━━━━━ Input data ━━━━━

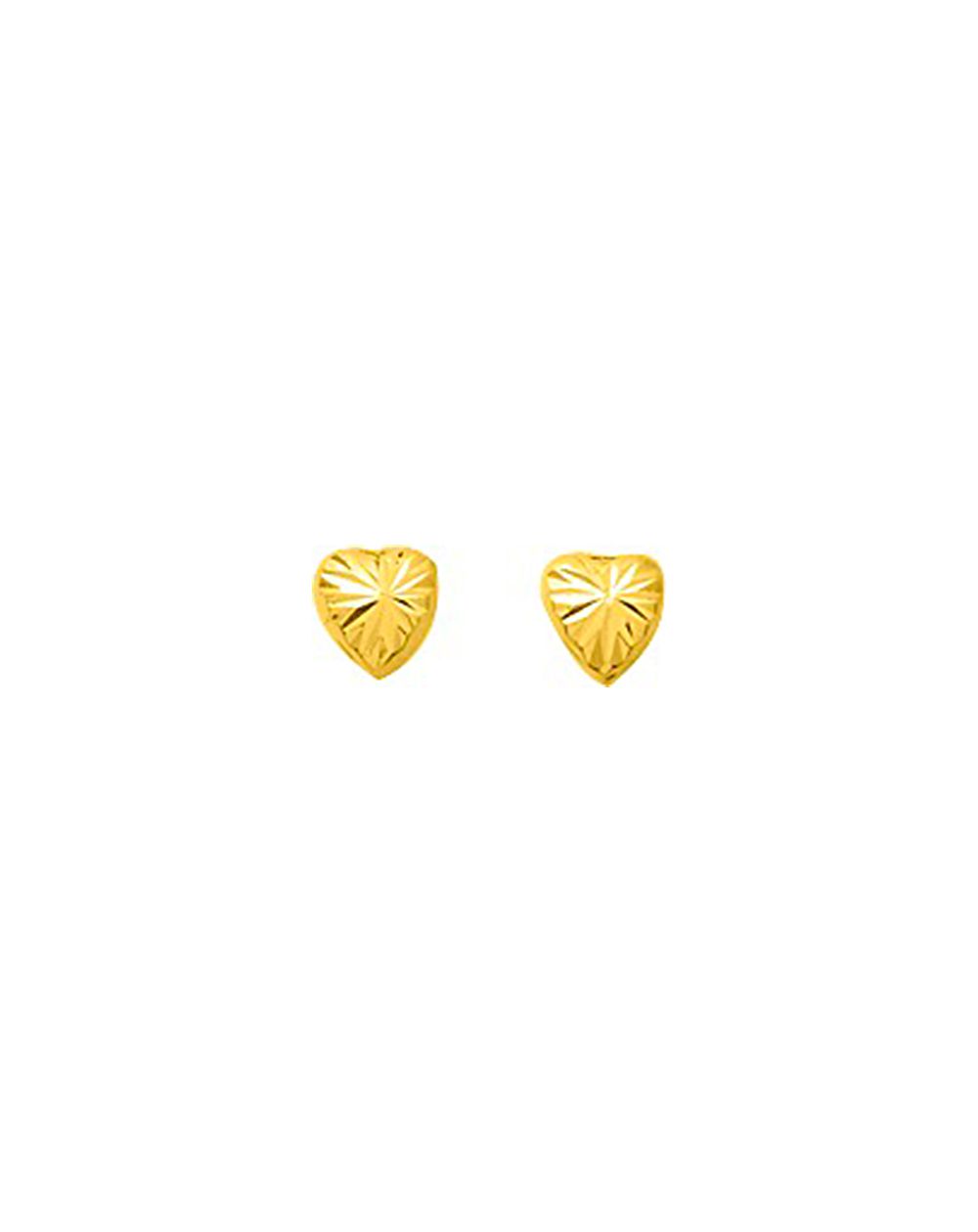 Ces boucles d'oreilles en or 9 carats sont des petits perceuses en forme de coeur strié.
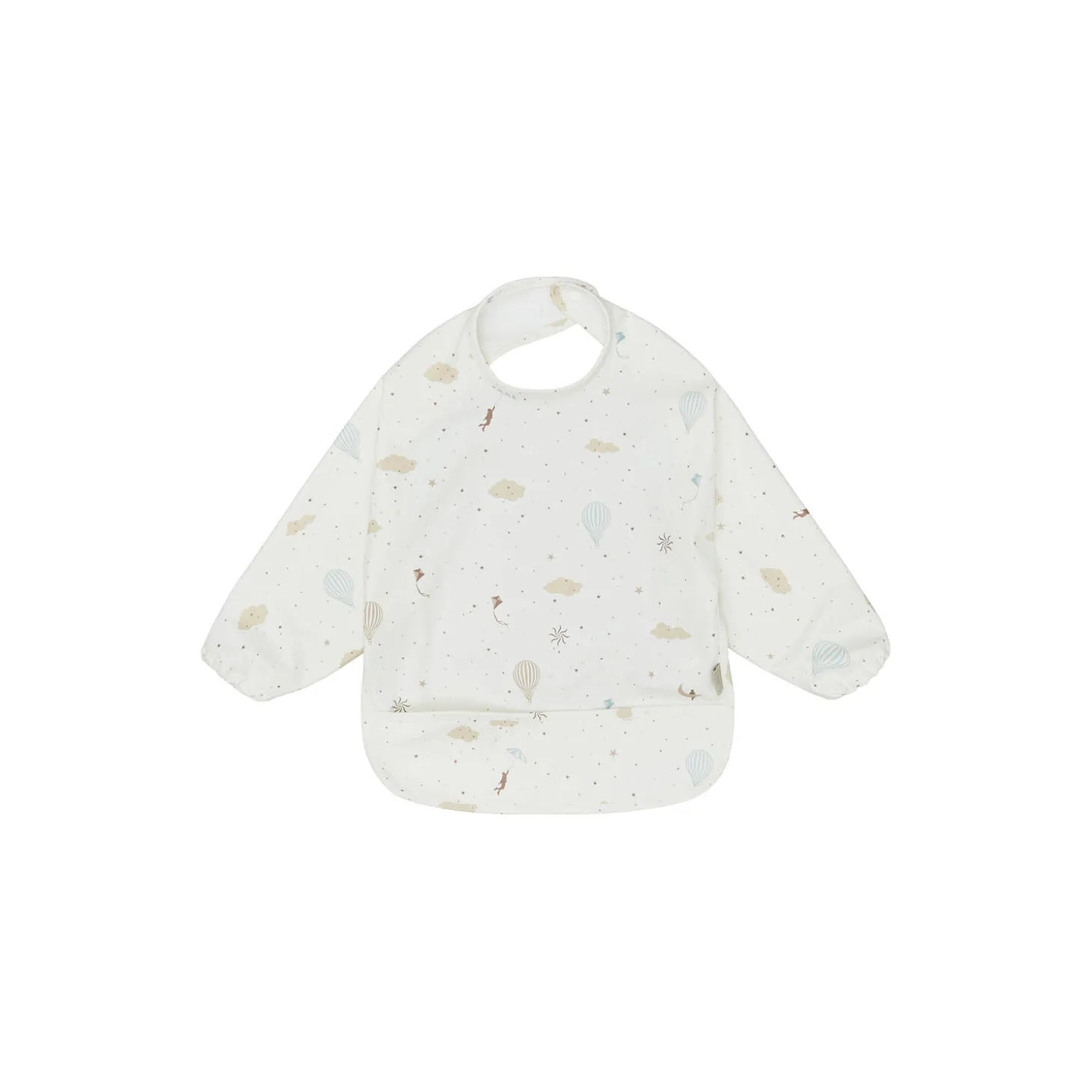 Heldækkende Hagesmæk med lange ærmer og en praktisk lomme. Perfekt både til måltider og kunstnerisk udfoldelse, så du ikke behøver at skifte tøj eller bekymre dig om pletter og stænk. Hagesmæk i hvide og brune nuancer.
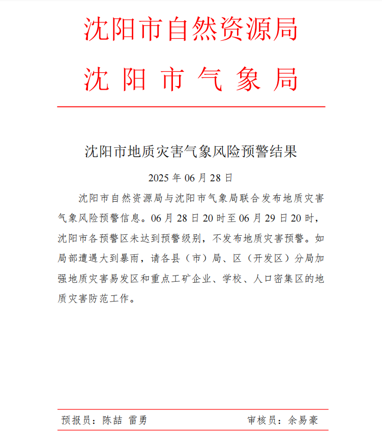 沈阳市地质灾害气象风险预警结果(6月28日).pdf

━━━━━

What you are asked to do >> Only exact repeats of the lines from the one containing "Heldækkende Hagesmæk med" through the end of the listing above are wanted here; pictures are not.

Result for this exercise >>
 Heldækkende Hagesmæk med lange ærmer og en praktisk lomme. Perfekt både til måltider og kunstnerisk udfoldelse, så du ikke behøver at skifte tøj eller bekymre dig om pletter og stænk. Hagesmæk i hvide og brune nuancer.
 沈阳市地质灾害气象风险预警结果(6月28日).pdf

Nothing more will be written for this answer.